С того же первого ряда, из правого угла, сорвалась сразу целая хевра.
Тогда в действие вступил наш Манодя. Налетавшему первым — к нам, мимо него, видно, не понял, что Манодя с нами, — он дал подножку. Со следующим они сцепились, и Манодя принялся того душить: редко с ним такое бывало, но тут Манодя, видимо, был в ярости; известное дело — контуженный. Дурак, конечно: что толку? — удушить все равно ведь не удушит, а только время потеряет или, точнее, как говорят у нас, у шахматеров, в Семядолином кружке, — темп. Дал бы как следует по соплям, по сопатнику то есть, — и к следующему. Но — псих-одиночка все-таки он, и в таком разе ничего не поделаешь.
Двое налетели на меня. С ними нечего было и делать — мелюзга. Я даже умудрился разделаться с ними как в кино, не помню, правда, в каком, — щелкнул их лобешниками друг о дружку, и вася. На Манодю сзади навалился еще один, колошматил по голове, по затылку. Надо было выручать. Я оттолкнул кого-то, забежал тоже сзади и, сцепив руки в замок, со звоном вкатил тому в ухо.
Отцепился.
Тюк, тюк, тюк, тюк. Разгорелся наш утюг. Выступает музыкальный коллектив «Дррружба-а» имени Листа-прокатного цеха — у нас полная тишина!
— Профессор!
— Ме-е...
Смякал?

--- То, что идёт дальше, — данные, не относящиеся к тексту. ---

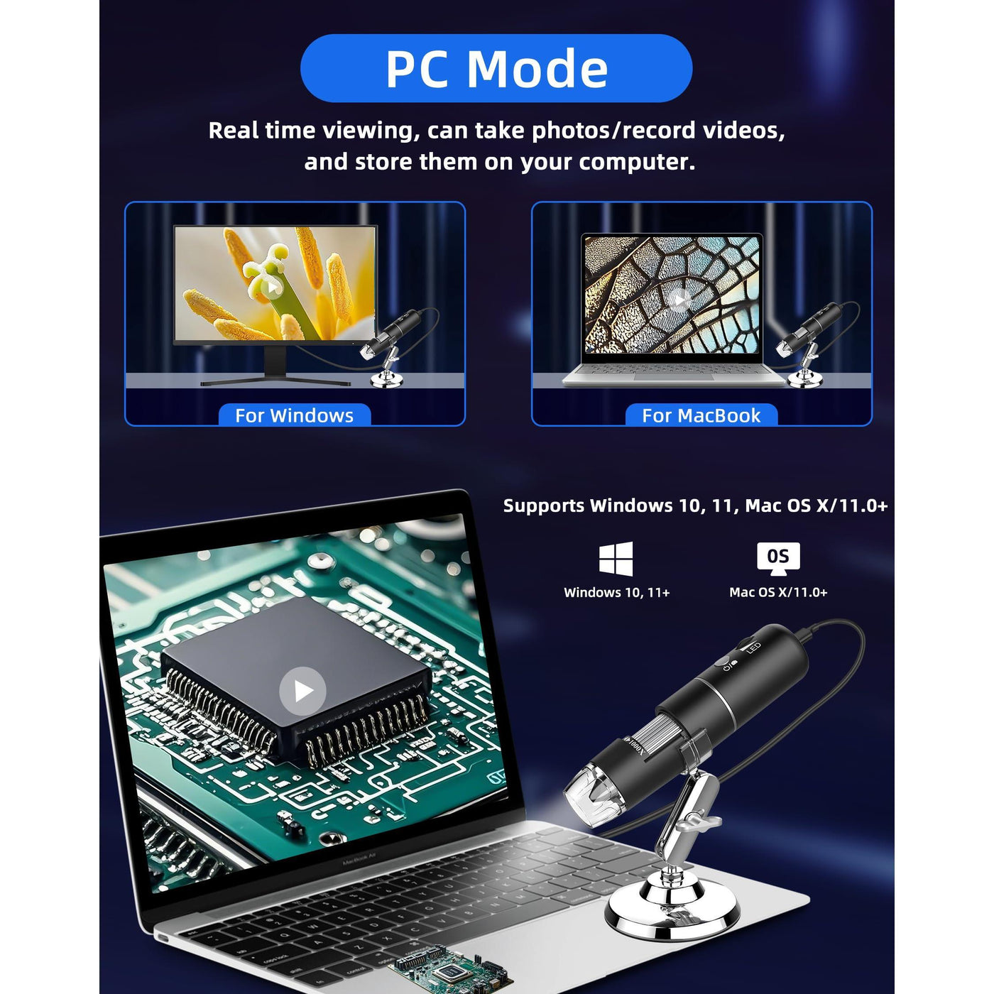 - 【App Provided】: This microscope is compatible with iPhone, Android phones, and computers, PC. Optional software for IOS, Android, Windows, MacOS X. This microscope can support Android 6.0+, iOS 9.0 or later, Windows vista/7/8/10/11 or later, MacOS X 11 or later

Не мекай! Ни ме, ни бе, ни бельмеса теперь, хоть ты и профессор.
Марья Иванна!
Марья Иванна!
На-ка тебе, Марья Иванна!..
Позади меня по любимой своей привычке Мамай брал набегавших на кумпол, на калган. Ку дэ мэтр, мастерский удар, как сказали бы, наверное, Портос или Володя-студент при таком деле. Но Мамаю, похоже, приходилось несладко, против него были собственноручно Пигал и Пеца, да еще кто-то. Ну, он же и молодец: и так-то силен, а, смотри, изловчился прижаться спиной к барьеру сцены перед экраном, обеспечил себе тыл. Я развернулся туда. Кто-то и мне приварил в затылок, но так только, скользом, и явно простой рукой, кулаком. Обойдется. Хорошо еще, что эта шантрапа не успела пустить в ход ни финок, ни бритв, ни гирек или другого чего — от неожиданности нашего нападения, что ли, или побаиваются пока слишком большого-то хая, покуда мы их как следует не прижали? — а то бы нам куда хуже пришлось. Самое противное — простейшее шило, хуже любого ножа... Я пнул под задницу какому-то шкету. Тоже, Аника-воин, туда же лезет! Манодя как-то умудрился запрыгнуть на сцену и с верхотуры отпинывал тех, кто норовил сунуться к Мамаю сбоку. Здорово, «Небесный тихоход», законно придумано — вся ведь мелкая шушера навалилась в основном на него. Нет, и не только мелочь пузатая, вон и Пеца-Квазимода-Кощей к нему тырится. Манодя, как будет Пеца вверх тормашками? Ацеп? Вот так! Молодец. Сделай-ка ему еще один отцеп, отлуп, отсечку. Умница. Вася!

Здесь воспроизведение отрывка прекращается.